Upon the chair was stretched, in a halfsitting posture, the gigantic frame of a very old man. The grandson looked upon him in silence for a long time, his mind confused with many impressions. The vast shoulders and high, bullet-like head, propped up by pillows in the partial shadow of the hood, seemed vaguely to recall the vision his baby memory had preserved of his own father. But in detail there was no resemblance. Or yes, there were resemblances, but they were blurred almost beyond recognition by the rough touch of time. The face, with its big, harsh features and bushing brows, and its frame of stiff white whiskers under the jaws and chin, had something in it which for an instant the young man seemed to identify; then the unnatural effect of its uniform yellow-clay color drove all thoughts of its human relationships from his mind, and he saw nothing but a meaningless mask.

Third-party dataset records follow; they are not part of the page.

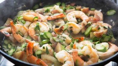 طاجن الروبيان بالهليون
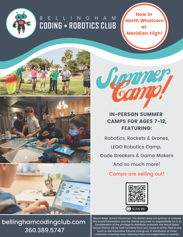 Bellingham Coding + Robotics Club Summer Camp 2022 offers in-person summer camps for ages 7-12, featuring:
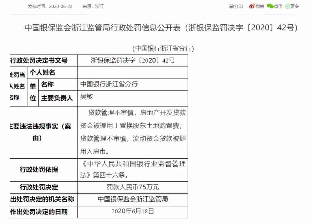 中國銀行浙江省分行因存在貸款管理不審慎,房地產開發貸款資金被挪用於置換股東土地購置費;流動資金貸款被挪用入房市的違法違規行為,浙江銀保監局對其予以罰款75萬元。
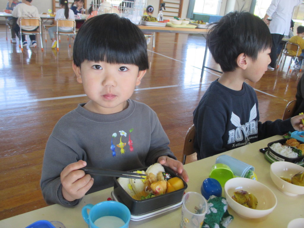 年少組さん・年長組さんと一緒に食べ、

It was as devoid of significance, indeed, as if it had been in a coffin. The eyes were open and they seemed to be fixed upon the distant rolling prospect of hills and forest, but whether they were seeing anything, Christian could not imagine. They certainly had not been turned to include him in their survey. The livid right hand, swaying as the black dog pushed it with its nose, was the only thing about the duke that moved.
“He does not know I am here,” said Christian, at last. He spoke instinctively, with the ceremonious affectation of awe which one puts on in the presence of death. His grandfather hardly impressed him as being alive and still less made any appeal to his sense of kinship. He had expected to be overwhelmed with emotion at the meeting, but he found himself barely interested. His wandering glance chanced to take note of some of the dogs’ faces about the chair. They were all alertly watching him, and the profoundly wise look in their eyes caught his attention. No doubt they were dreadful fools, if the truth could be known, but the suggestion of cultured sagacity in their gaze was extraordinary. He looked back again at his grandfather, and tried to say to himself that he was a great noble, the head of an ancient and proud line, and the actual father of his father—but the effort failed to spur his fancy. He turned to Lord Julius and lifted his brows in wearied interrogation.
“Move round in front of him,” counseled the other. “Get yourself in the range of his eyes.”
Christian obeyed, and, flushing a little with self-consciousness, strove to intercept the aged man’s gaze. There was no change upon the ashen face under the hood to tell him whether he had succeeded or not. The impulse to grimace, to wave his arms about, to compel attention by any wild and violent device, forced him to smile in the midst of his perplexed constraint. He stared for a few moments longer at the gaunt, immovable figure—then shrugged his shoulders, and, stepping over a dog or two, made bold to rejoin Lord Julius.
“I do not see that it is of any use,” he said, with annoyance. “If you wish to go, I am quite ready.”
Lord Julius lifted his brows in turn, and looked at his grand-nephew with curiosity. “I said nothing about going, that I recall,” he began, with an effect of reproof in his tone. But then he seemed to think better of it, and gave an abrupt little laugh. “It isn’t very invigorating, I’m bound to admit,” he confessed, cheerfully enough. “Wait a moment, and I’ll stir him up a bit.”
He bent forward again, with his head at the edge of the hood, and shouted into it: “If you want to see Ambrose’s boy, here he is! If you don’t want to see him, say so, and waste no more of our time!”
To Christian’s surprise, the duke took instant cognizance of this remark. His large face brightened, or at least altered its aspect, into something like animation; his eyes emerged from their cover of lethargy, and looked alive.
“My back is very bad to-day,” he remarked, in a voice which, though it bore the querulous note of the invalid, was unexpectedly robust in volume. “And I cannot make out whether the numbness is passing down below my knee or not.”
Lord Julius nodded, as if confirming to himself some previous suspicion. “I thought as much,” he commented in an aside to the young man. “It’s merely his endearing little way. Have patience, and we’ll draw the badger yet.”